#!/bin/bash

# this script backs up track data (both bigBeds and mysql tables)
# to a location of your choosing

set -beEu -o pipefail

# globals
archiveDir="/hive/data/inside/archive"
tables=""
files=""
versionName=""
trackSetName=""
dbList=""
verbose="FALSE"
checkOnly="FALSE"
EXIT_STATUS=0

usage() {
cat << EOF
Usage: `basename $0` [-hcbtfv] archiveRoot database(s) trackArchiveName

Required Positional arguments:
archiveRoot        The root location of the backup directory (/hive/data/inside/archive/).
database(s)        A single database, a double quoted list of databases, or a file of db
                   names to back up
trackSetName       The name of this track archive set. A directory will be created
                   in the archiveRoot location with the files or tables from the -t
                   or -f arguments.

Optional arguments (Must preceed required args):
-h                  Display this help and exit.
-t                  A table name or a file with a list of tables to backup.
-f                  A list of files to back up for this track set (/gbdb/ files).
-v                  Use a specified version string like "v1" instead of the output of 'date +%F'.
-s                  Print verbose status along the way to stderr.
-c                  Don't copy anything, just output what WOULD be copied

Backs up a list of tables or files for a track for a single database or list of
databases. Note the third required argument of what this track set is named. Exits 0 for success
and 1 on failure.

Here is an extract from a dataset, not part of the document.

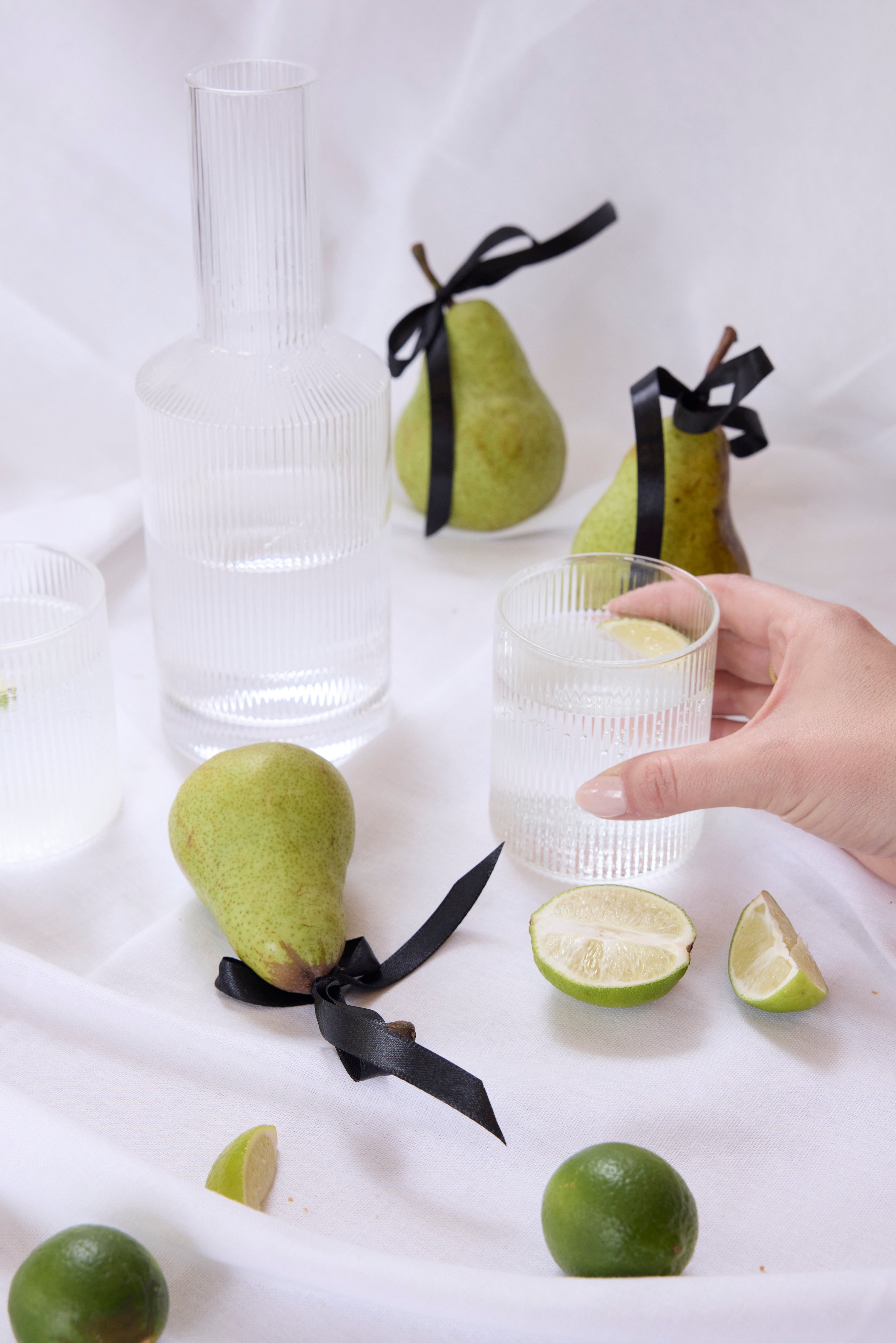 A modern tumbler with fine vertical fluting, comfortable in hand, beautifully weighted, and designed to make simple moments feel special.
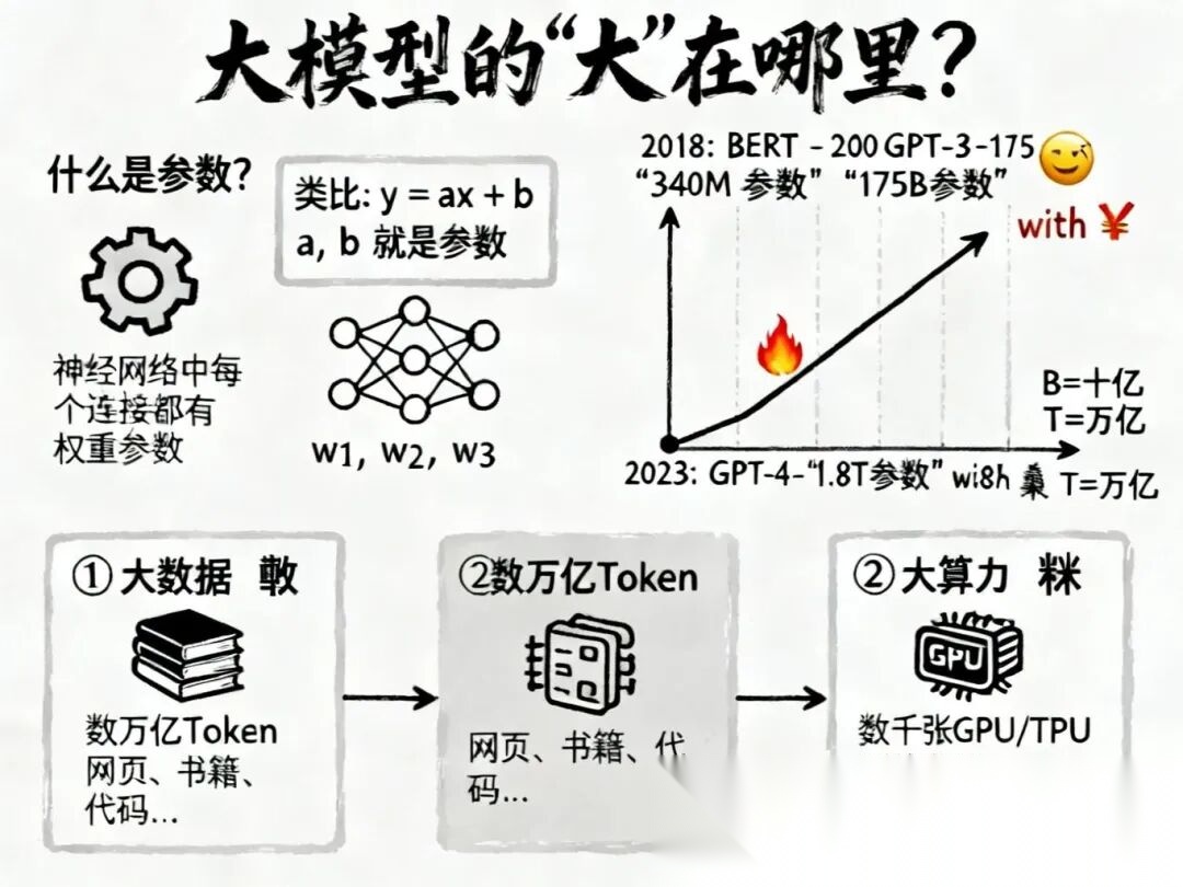 为什么现在的模型叫“大”模型(Large Language Model)?这个“大”不仅仅是体积大,更是量变引起质变的关键。

The heirarchy created is:
\$archiveRoot/\$database/\$trackSetName/\$version/

Example Usages:
In the example below, a list of files (listOfBigBeds.txt) contains all the bigBeds for backup,
while we only want to back up one table, crisprRanges:
`basename $0` -t crisprRanges -f listOfBigBeds.txt /hive/data/inside/archive/ hg38 "CRISPR"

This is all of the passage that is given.